As a sample at an arbitrary point, we show the raw and reconstructed thickness time series at 85°N, 130°E in Fig. A3. We also show the individual thermodynamic and dynamic time series (Fig. A3b). Throughout this 40-yr period, ice grows thermodynamically and is lost (advected out) dynamically. This is a basic characteristic of the Arctic as a whole (Maykut 1985), as it functions as a net ice factory that is then advected out of the Arctic, mainly through the Fram Strait.

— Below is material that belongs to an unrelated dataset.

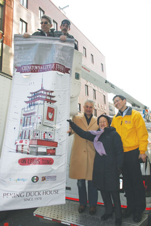 Chin, along with Little Italy native Victor Papa, president of the Two Bridges Neighborhood Council, were hoisted into the air in a cherry-picker to hang an inaugural banner on Mott Street to promote a Chinatown-Little Italy marketing campaign launched in September that aims to attract National Sept. 11 Memorial visitors to the area.
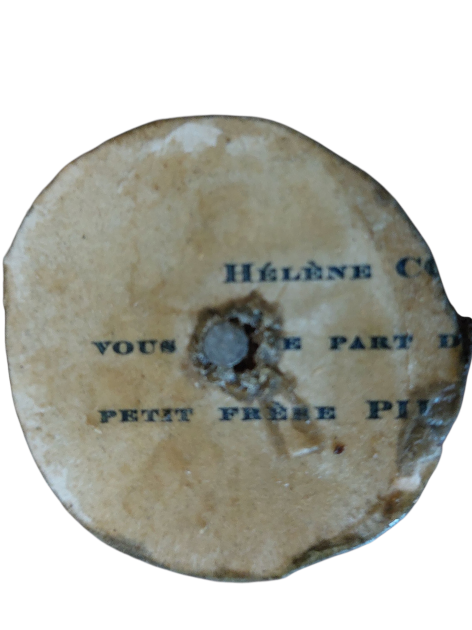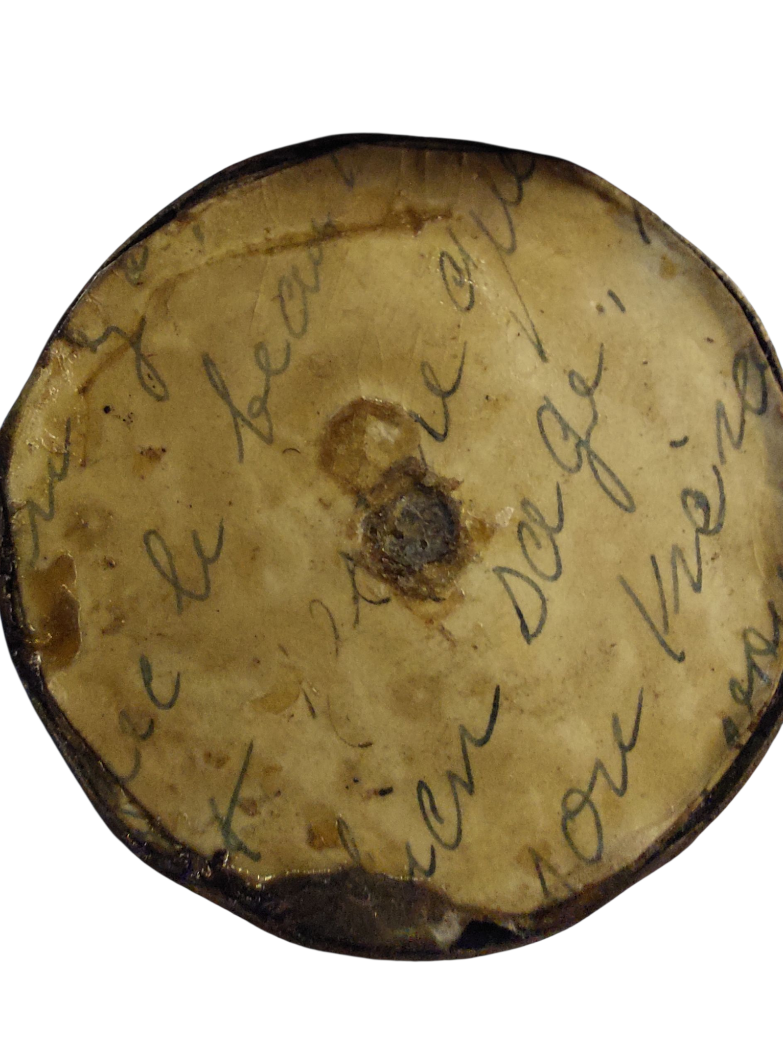 Le revers de l’icône révèle un papier manuscrit ancien, probablement contemporain de l’objet, portant les traces d’une prière, d’une invocation ou d’une dédicace personnelle. L’écriture, aujourd’hui partiellement altérée par le temps, atteste d’un usage réel et prolongé, renforçant la dimension profondément humaine et spirituelle de cet artefact.

In Fig. A4 we show the monthly anomalies of the time series shown in Fig. A3. This figure shows that monthly anomalies in total thickness are driven principally by anomalies in the dynamic component (r = 0.80), while the thermodynamic component has a weaker influence (r = 0.34). These values are representative of the central Arctic as seen in Fig. 9. At the same time, the dynamic and thermodynamic components are only weakly anticorrelated (r = −0.30).